*Work instruction*: Please make an exact copy of the lines from the one holding "近日,教育部办公厅发布《关于" through the end of the data, both ends included, with no pictures.

*Recorded data*:
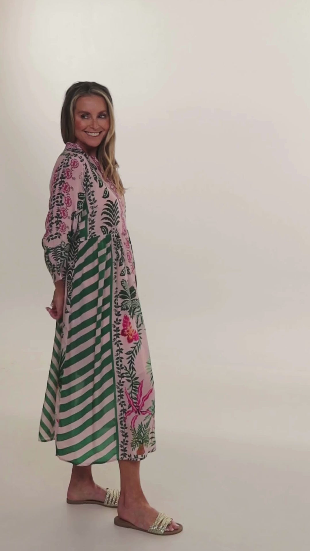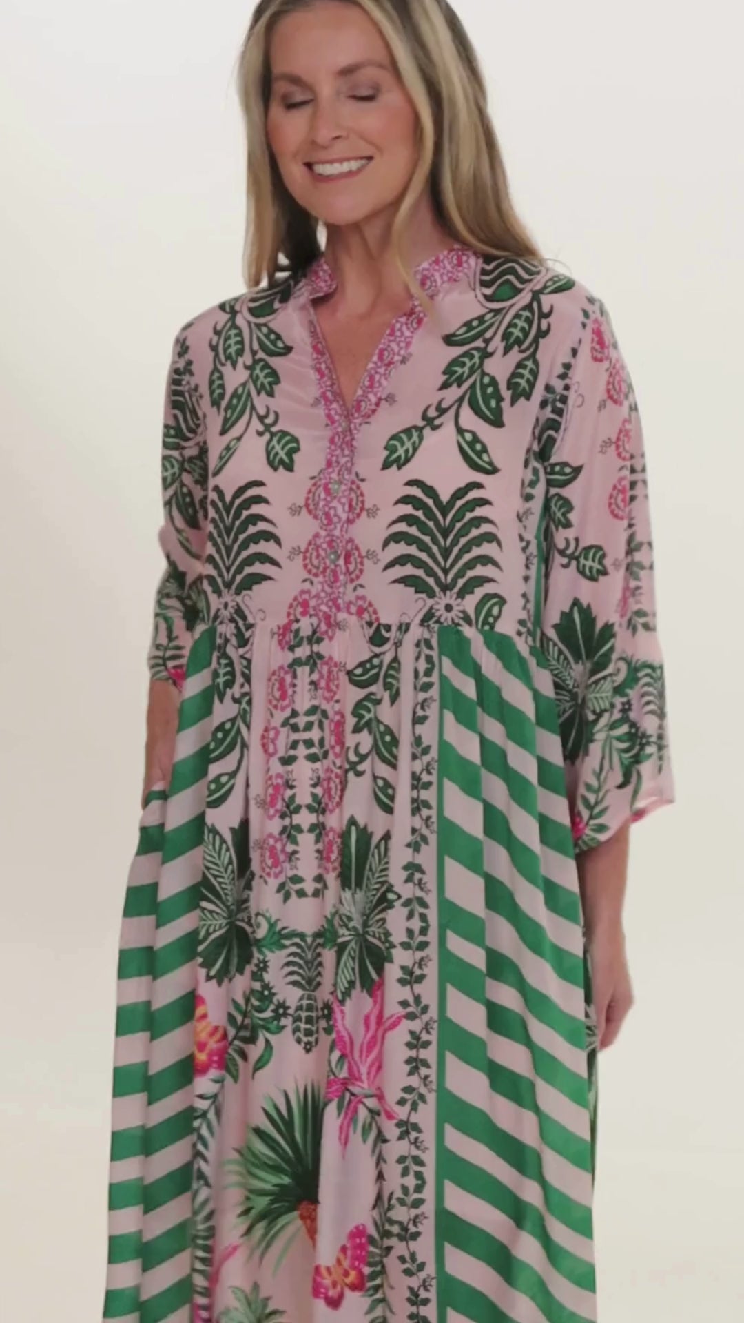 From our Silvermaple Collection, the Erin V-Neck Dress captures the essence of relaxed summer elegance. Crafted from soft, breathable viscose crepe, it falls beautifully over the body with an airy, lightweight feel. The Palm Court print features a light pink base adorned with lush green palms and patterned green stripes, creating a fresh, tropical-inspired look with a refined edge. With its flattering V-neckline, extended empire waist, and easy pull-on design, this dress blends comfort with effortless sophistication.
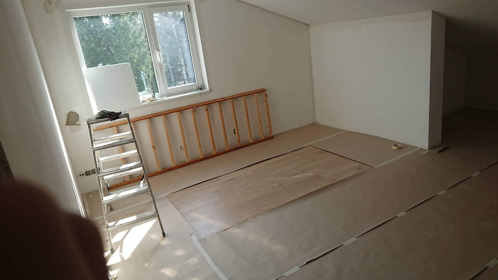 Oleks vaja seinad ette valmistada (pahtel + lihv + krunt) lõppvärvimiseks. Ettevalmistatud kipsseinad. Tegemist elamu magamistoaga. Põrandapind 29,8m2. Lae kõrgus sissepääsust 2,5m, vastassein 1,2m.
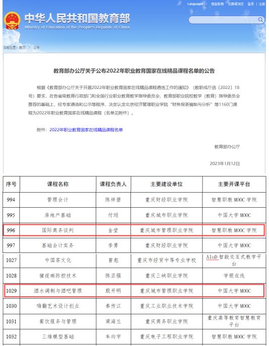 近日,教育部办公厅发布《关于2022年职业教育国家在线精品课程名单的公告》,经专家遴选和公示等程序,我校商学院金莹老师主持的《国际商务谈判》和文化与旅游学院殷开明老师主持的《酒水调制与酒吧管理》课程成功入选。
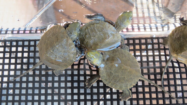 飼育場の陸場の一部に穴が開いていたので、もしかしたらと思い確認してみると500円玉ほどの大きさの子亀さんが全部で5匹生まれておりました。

*Reply*:
 近日,教育部办公厅发布《关于2022年职业教育国家在线精品课程名单的公告》,经专家遴选和公示等程序,我校商学院金莹老师主持的《国际商务谈判》和文化与旅游学院殷开明老师主持的《酒水调制与酒吧管理》课程成功入选。
 飼育場の陸場の一部に穴が開いていたので、もしかしたらと思い確認してみると500円玉ほどの大きさの子亀さんが全部で5匹生まれておりました。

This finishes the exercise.